The levels of the neurotransmitter metabolites were estimated by HPLC with electrochemical detection, all three in the same run. A 4.6 mm column was used (Spherisorb ODS2, Waters, Milford, MA, USA), and the mobile phase consisted of acetate buffer, pH 5.2, with 10% methanol. For each sample an aliquot of CSF was directly injected into the HPLC system and subsequently a second aliquot with added standards corresponding to 5 ng/mL for MHPG, 10 ng/mL for 5-HIAA, and 20 ng/mL for HVA in the CSF sample. The concentrations of the metabolites were calculated from the differences in peak heights between the sample with and the sample without standards. For this part of the study, we only included patients who were drug-free for at least two weeks at the time of lumbar puncture, namely, 89 from the 145 males and 158 from the 285 females.
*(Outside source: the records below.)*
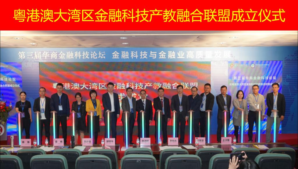 主旨演讲环节结束后,议程来到“粤港澳大湾区金融科技产教融合联盟”成立仪式。联盟发起单位代表1946伟德国际源自英国副校长刘少波教授致辞。致辞结束,伟德国际VICTOR1946王汉章副院长宣读联盟发起单位名单。郭银华执行校长、刘少波副校长等产教融合联盟发起单位代表上台共同为联盟成立揭牌。午饭后,各代表参与到“粤港澳大湾区金融科技产教融合联盟”发起单位闭门会议中,共商联盟未来的发展方向。
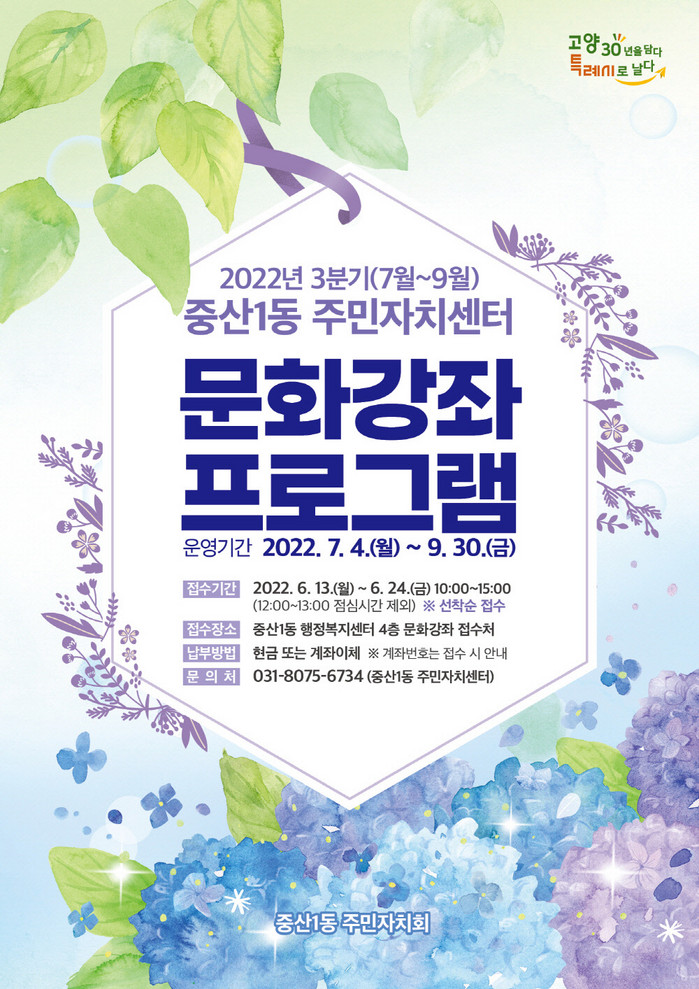 중산1동 주민자치센터 문화강좌 프로그램 접수는 6월 24일까지 매일 오전 10시~오후 3시(12시~1시 제외)에 중산1동 행정복지센터 4층 접수처에서 진행되며, 자세한 내용은 고양시청 홈페이지 내 중산1동 페이지에서 확인 가능하다.
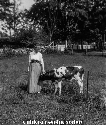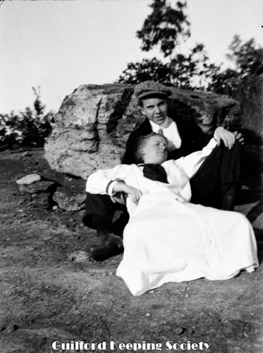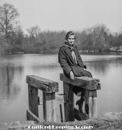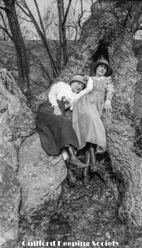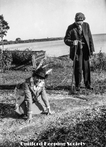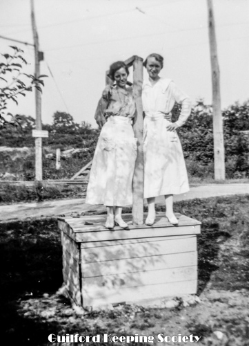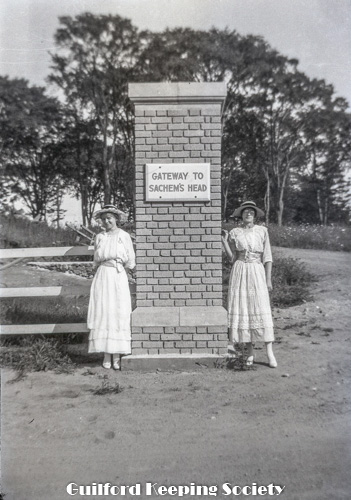 Kitty and woman friend (#1) at newly erected pillar with sign “Gateway to Sachem's Head“, possibly known previously as “Grove Hill” or “Goodyear's Grove”.
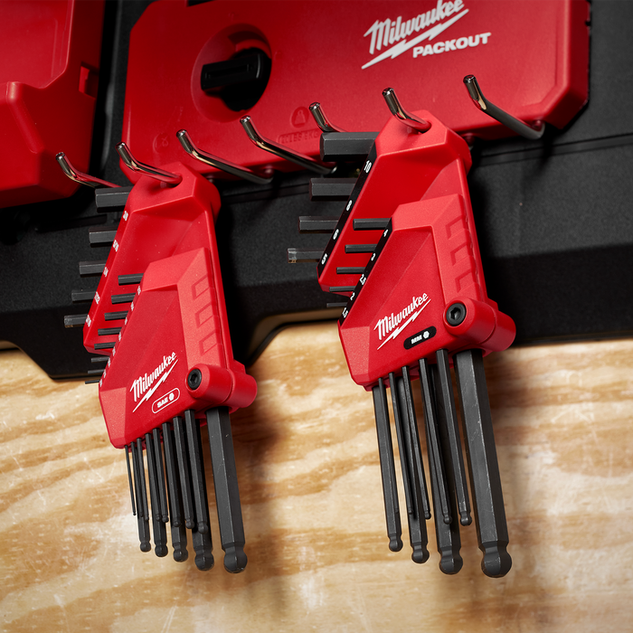 Milwaukee's 2PC Kit includes a 13-key SAE and a 9PC Metric L-Style Hex Key Set with Ball Ends that features the easiest access keys on the market. The pivoting holder with offset keys makes it quick and easy to grab the necessary size key. The allen keys withstand more torque and extend the life of the tool in the toughest jobsite conditions. The holder and keys have long-lasting, high-contrast markings for quick size identification. With a ball end, the keys are able to easily access fasteners even when at a difficult angle. The pivoting holder with a hang hole makes transportation and storage simple.
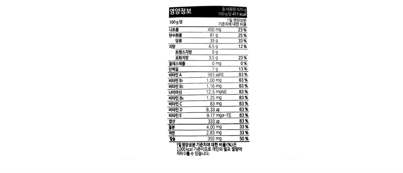 사실 특별한건 없다. 뒷면의 영양정보와 원재료란에 웬만한 정보가 다 들어 있기 때문이다. 하지만 판매된지 20년도 더 넘었는데 아직까지 영양강화 아침밥, 건강한 아이들 간식으로 팔리는 것을 보면 아직 정체를 잘 숨기고 있는 것다.
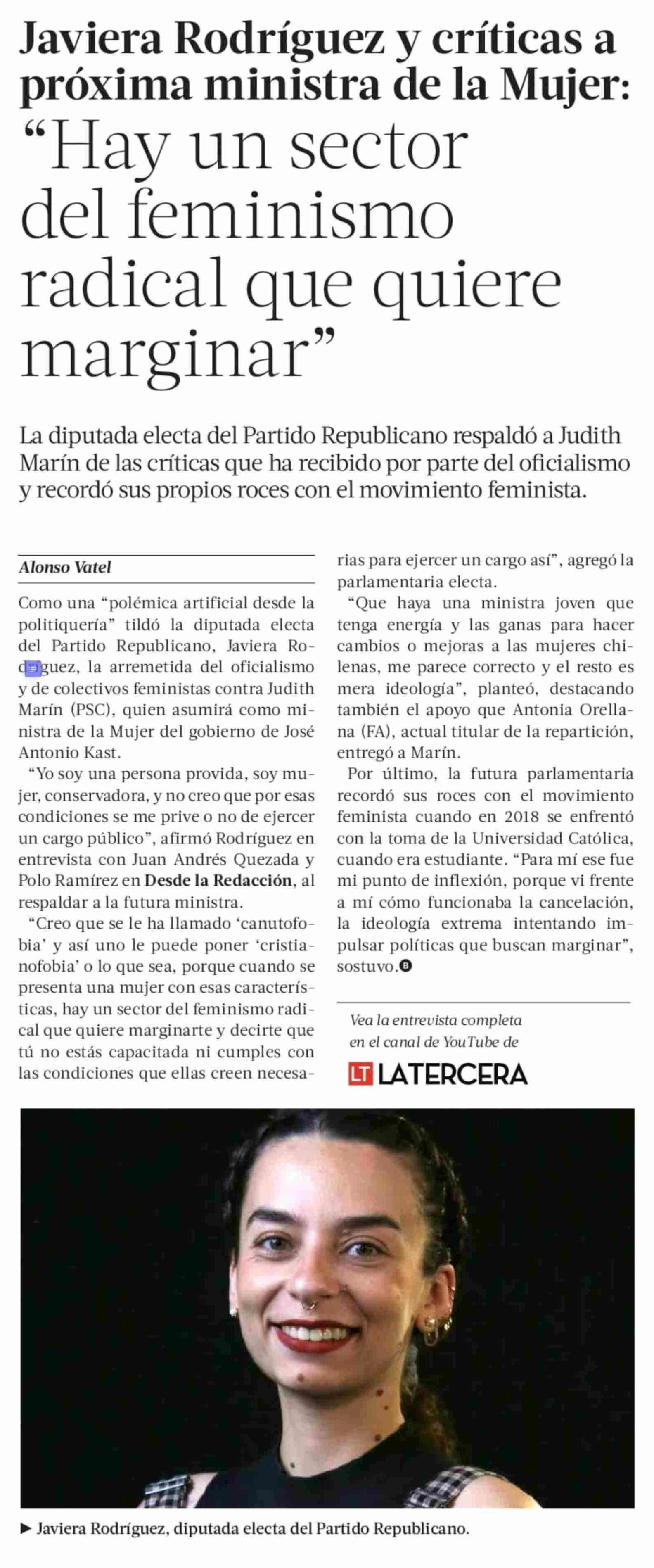 Javiera Rodríguez y críticas a próxima ministra de la Mujer: "Hay un sector del feminismo radical que quiere marginar"
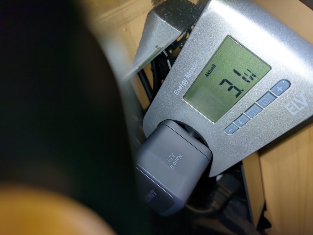 Das Messgerät zeigte größtenteils Werte schwankend zwischen 3,0 - 3,6 Watt, ungefähr alle 10 Sekunden gab es einen kurzen Peak auf 5,x Watt.
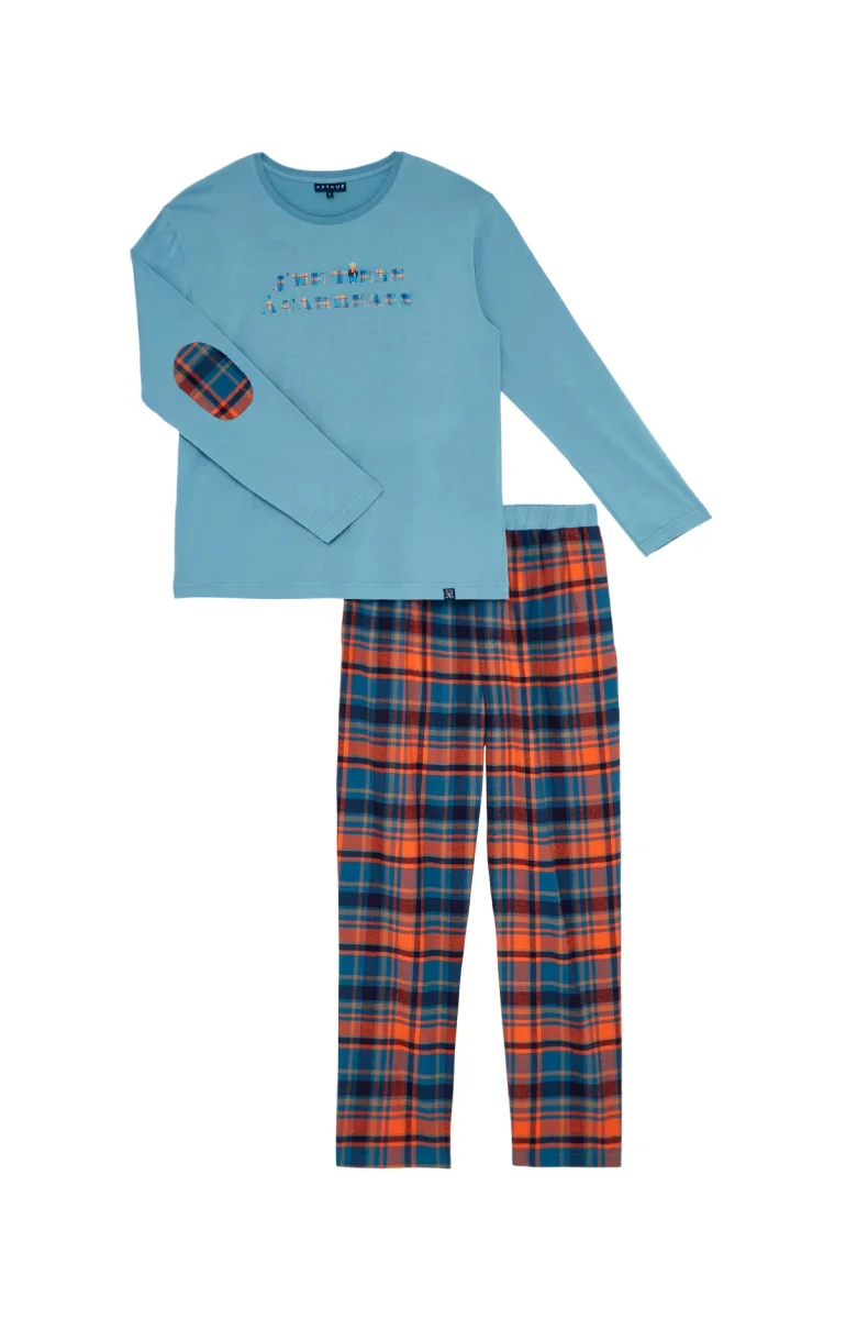 – Ensemble de pyjama Homme – 100% coton issu de l’agriculture biologique – Tee-shirt uni manches longues, col rond en maille jersey – Sérigraphie poitrine – Coudières contrastées – Pantalon de pyjama en flanelle de coton “Pilou Pilou” – Ceinture élastiquée, cordon de serrage et 2 poches côtés – Motif exclusif créé à Paris – […]
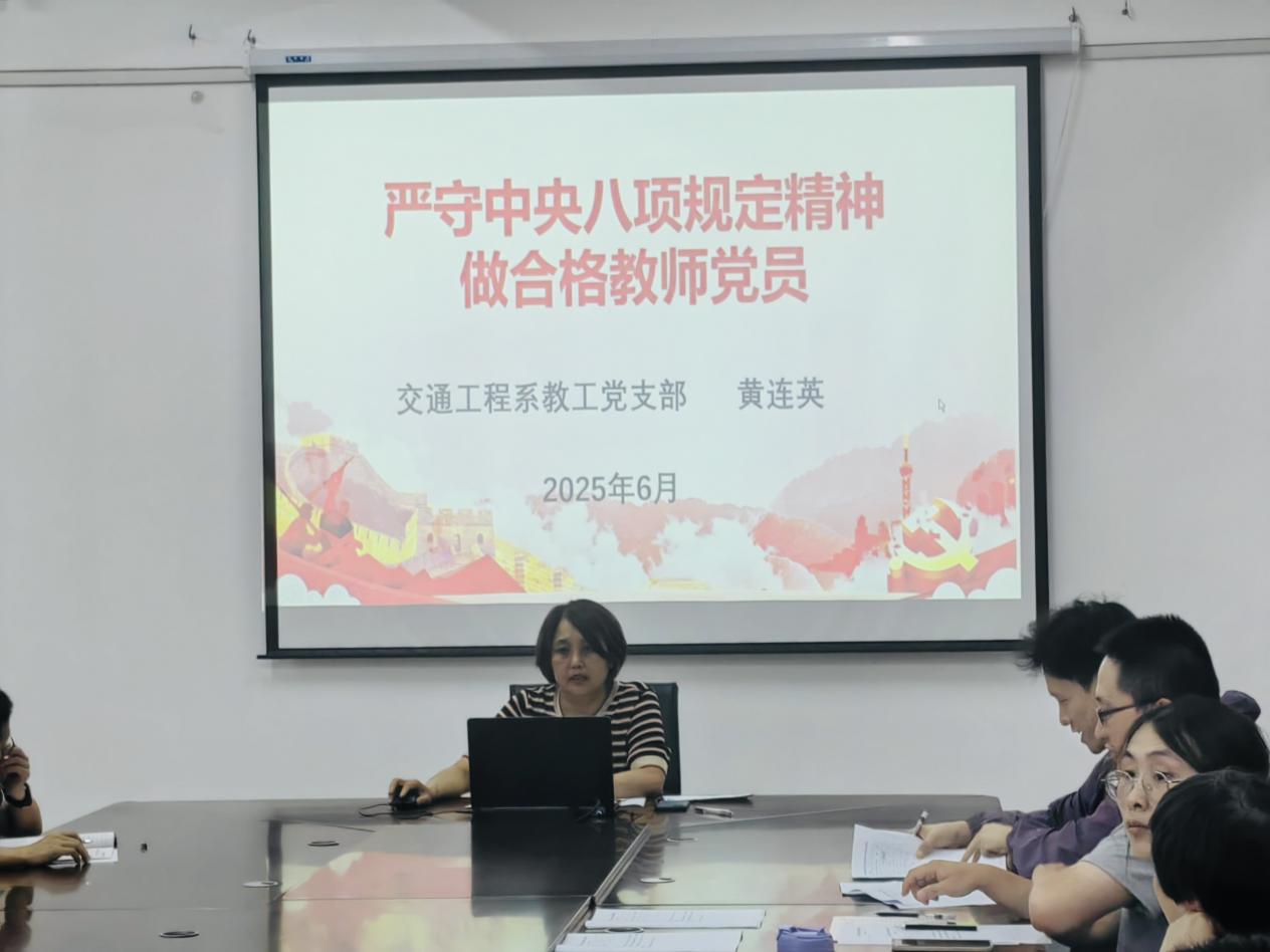 为进一步强化教师党员的纪律作风建设,引导广大教师党员深刻领会中央八项规定精神的内涵要求,2025年6月26日,交通工程系教工党支部组织开展了“严守中央八项规定精神,做合格教师党员”专题党课。党课由交通工程系教工党支部书记黄连英主讲,支部全体党员参加学习。
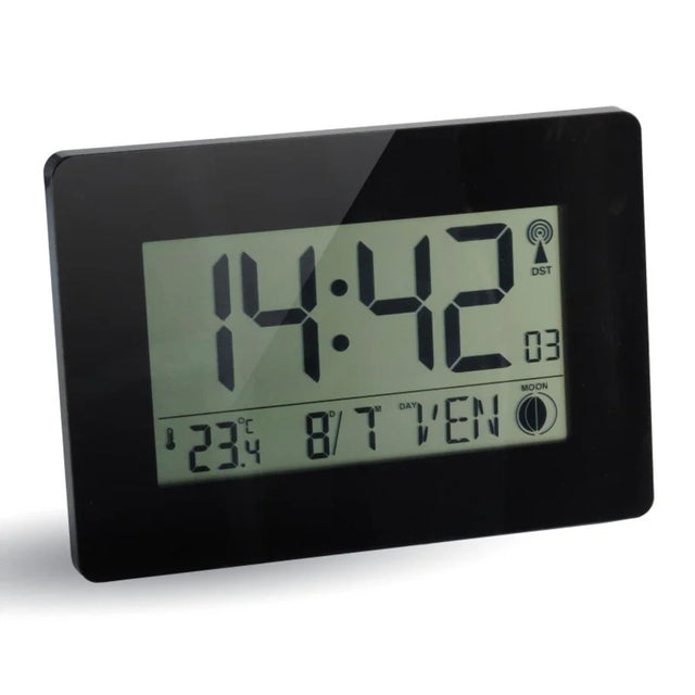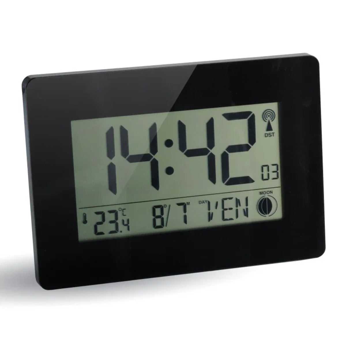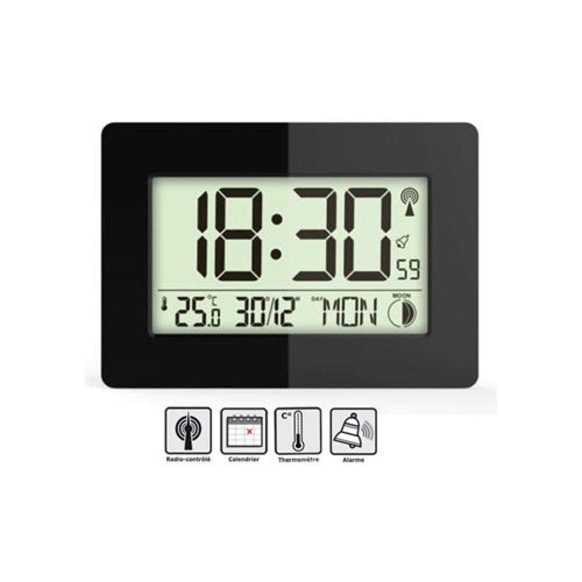 Grâce à sa fonction radio-contrôlée, l'horloge ajuste automatiquement l'heure, garantissant ainsi une précision sans faille. Son design pratique et moderne assure un confort visuel tout au long de la journée.

Body mass index (weight in kilograms divided by the square of height in meters) was calculated using self-reported height and weight. Smoking history and numbers of cigarettes per day were registered.

A multiple regression analysis was performed in searching for associations of clinical variables with BMI. Patients were assigned in subgroups regarding smoking (zero, 5–20, and >20 cigarettes per day), disease phenotype (CIS, RRMS), duration of illness (duration up to 3 months, 3 months to 3 years, and more than 3 years), and EDSS score (score zero, 1–3, and 3.5–6.5). Regarding treatment at assessment, patients were assigned in subgroups taking thyroid hormones (n = 29), steroids (n = 53), immunomodulatory agents (n = 20), antidepressives (n = 22), other drugs (n = 34), and drug-free patients (n = 301). Previous treatments with steroids (n = 199) and with immunomodulatory drugs (n = 58) were also used as independent variables.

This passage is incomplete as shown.